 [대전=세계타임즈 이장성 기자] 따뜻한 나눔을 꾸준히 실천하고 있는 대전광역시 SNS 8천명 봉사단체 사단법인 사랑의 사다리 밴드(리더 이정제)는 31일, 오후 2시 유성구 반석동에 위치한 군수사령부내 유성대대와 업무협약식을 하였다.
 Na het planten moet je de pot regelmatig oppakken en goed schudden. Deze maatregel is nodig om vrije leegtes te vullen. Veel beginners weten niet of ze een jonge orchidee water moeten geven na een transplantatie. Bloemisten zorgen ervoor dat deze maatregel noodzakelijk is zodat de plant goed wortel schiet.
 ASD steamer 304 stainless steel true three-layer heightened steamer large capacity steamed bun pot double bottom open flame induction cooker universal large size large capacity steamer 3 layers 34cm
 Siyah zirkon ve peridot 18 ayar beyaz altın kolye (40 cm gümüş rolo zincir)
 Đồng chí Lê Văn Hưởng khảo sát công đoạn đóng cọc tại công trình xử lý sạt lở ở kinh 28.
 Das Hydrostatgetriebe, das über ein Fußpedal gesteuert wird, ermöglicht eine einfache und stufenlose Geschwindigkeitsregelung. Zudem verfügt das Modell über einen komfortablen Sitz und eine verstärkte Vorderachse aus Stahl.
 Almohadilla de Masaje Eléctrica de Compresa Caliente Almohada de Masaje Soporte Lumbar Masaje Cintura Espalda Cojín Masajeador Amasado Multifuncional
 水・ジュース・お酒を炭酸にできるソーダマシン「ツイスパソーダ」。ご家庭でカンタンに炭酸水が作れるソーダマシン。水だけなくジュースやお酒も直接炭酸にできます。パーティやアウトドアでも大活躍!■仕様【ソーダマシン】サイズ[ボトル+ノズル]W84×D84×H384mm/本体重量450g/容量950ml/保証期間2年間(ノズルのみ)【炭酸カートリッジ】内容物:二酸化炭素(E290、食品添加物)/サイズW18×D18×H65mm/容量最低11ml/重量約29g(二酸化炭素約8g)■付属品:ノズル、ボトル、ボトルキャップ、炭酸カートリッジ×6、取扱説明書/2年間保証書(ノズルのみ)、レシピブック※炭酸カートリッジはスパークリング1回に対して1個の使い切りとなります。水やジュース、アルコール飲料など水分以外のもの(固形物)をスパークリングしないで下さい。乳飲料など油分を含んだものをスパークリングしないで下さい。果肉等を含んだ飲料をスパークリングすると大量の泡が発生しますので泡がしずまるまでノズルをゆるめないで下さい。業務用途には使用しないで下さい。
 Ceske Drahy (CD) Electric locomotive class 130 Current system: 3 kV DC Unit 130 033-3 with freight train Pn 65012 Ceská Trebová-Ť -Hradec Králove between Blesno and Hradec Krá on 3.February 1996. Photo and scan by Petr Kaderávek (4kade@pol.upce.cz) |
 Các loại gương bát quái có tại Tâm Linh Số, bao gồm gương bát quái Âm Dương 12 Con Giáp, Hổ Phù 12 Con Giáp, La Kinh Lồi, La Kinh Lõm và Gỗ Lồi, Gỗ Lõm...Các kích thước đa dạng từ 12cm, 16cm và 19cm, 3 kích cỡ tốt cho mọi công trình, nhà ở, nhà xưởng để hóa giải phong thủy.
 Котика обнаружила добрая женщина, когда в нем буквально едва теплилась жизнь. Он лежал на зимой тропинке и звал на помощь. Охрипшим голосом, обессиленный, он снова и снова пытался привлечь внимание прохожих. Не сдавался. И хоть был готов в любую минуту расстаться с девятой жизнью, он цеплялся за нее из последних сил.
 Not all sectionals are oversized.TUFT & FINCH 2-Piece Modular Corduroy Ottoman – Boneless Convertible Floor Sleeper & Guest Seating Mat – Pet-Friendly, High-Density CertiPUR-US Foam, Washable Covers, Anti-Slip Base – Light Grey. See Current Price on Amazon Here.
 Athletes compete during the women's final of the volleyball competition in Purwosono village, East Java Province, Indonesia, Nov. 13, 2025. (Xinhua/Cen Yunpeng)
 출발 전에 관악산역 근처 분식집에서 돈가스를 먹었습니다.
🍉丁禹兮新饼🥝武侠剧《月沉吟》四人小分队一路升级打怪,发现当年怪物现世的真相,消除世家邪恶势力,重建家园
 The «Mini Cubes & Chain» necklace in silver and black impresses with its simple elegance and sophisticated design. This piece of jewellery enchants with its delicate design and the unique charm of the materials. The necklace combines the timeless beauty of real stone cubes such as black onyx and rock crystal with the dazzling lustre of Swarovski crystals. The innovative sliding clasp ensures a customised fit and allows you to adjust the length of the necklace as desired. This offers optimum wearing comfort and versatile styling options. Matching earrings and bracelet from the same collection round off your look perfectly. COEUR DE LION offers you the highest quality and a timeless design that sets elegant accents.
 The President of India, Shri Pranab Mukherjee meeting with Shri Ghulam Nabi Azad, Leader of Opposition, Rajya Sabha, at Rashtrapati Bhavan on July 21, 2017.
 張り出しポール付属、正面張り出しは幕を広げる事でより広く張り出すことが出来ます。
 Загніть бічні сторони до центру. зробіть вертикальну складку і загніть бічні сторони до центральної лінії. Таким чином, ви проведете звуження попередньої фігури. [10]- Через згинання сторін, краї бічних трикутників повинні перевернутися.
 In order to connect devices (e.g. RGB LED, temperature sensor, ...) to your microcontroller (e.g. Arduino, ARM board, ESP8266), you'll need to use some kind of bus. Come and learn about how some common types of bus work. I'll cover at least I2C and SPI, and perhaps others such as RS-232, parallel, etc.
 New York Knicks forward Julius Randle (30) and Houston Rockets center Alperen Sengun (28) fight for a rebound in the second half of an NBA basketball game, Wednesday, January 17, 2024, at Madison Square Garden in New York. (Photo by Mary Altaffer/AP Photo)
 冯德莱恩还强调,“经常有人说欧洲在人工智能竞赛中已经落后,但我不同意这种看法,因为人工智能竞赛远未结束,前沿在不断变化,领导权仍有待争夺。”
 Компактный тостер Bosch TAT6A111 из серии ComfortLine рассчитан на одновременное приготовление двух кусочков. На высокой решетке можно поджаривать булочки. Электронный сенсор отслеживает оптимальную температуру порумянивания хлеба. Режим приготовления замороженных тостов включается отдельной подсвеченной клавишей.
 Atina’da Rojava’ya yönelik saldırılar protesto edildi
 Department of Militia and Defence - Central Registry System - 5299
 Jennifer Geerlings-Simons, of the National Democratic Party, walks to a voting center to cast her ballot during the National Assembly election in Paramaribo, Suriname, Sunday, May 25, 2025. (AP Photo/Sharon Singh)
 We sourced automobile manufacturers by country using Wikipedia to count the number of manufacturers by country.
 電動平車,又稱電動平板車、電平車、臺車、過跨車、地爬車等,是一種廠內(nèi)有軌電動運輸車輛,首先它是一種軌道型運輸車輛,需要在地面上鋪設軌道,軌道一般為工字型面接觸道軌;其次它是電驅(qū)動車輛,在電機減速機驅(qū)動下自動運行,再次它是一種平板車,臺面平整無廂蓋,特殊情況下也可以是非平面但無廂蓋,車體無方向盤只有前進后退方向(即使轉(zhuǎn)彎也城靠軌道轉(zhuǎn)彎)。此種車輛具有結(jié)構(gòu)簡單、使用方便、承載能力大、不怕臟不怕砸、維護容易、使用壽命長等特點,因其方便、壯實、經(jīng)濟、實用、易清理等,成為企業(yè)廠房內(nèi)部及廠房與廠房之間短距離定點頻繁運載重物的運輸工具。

# ABOUT THIS EXERCISE
All lines from the one holding "We sourced automobile" through the final line of the material must be set down exactly, and nothing else may be added.

# ANSWER AREA
 We sourced automobile manufacturers by country using Wikipedia to count the number of manufacturers by country.
 電動平車,又稱電動平板車、電平車、臺車、過跨車、地爬車等,是一種廠內(nèi)有軌電動運輸車輛,首先它是一種軌道型運輸車輛,需要在地面上鋪設軌道,軌道一般為工字型面接觸道軌;其次它是電驅(qū)動車輛,在電機減速機驅(qū)動下自動運行,再次它是一種平板車,臺面平整無廂蓋,特殊情況下也可以是非平面但無廂蓋,車體無方向盤只有前進后退方向(即使轉(zhuǎn)彎也城靠軌道轉(zhuǎn)彎)。此種車輛具有結(jié)構(gòu)簡單、使用方便、承載能力大、不怕臟不怕砸、維護容易、使用壽命長等特點,因其方便、壯實、經(jīng)濟、實用、易清理等,成為企業(yè)廠房內(nèi)部及廠房與廠房之間短距離定點頻繁運載重物的運輸工具。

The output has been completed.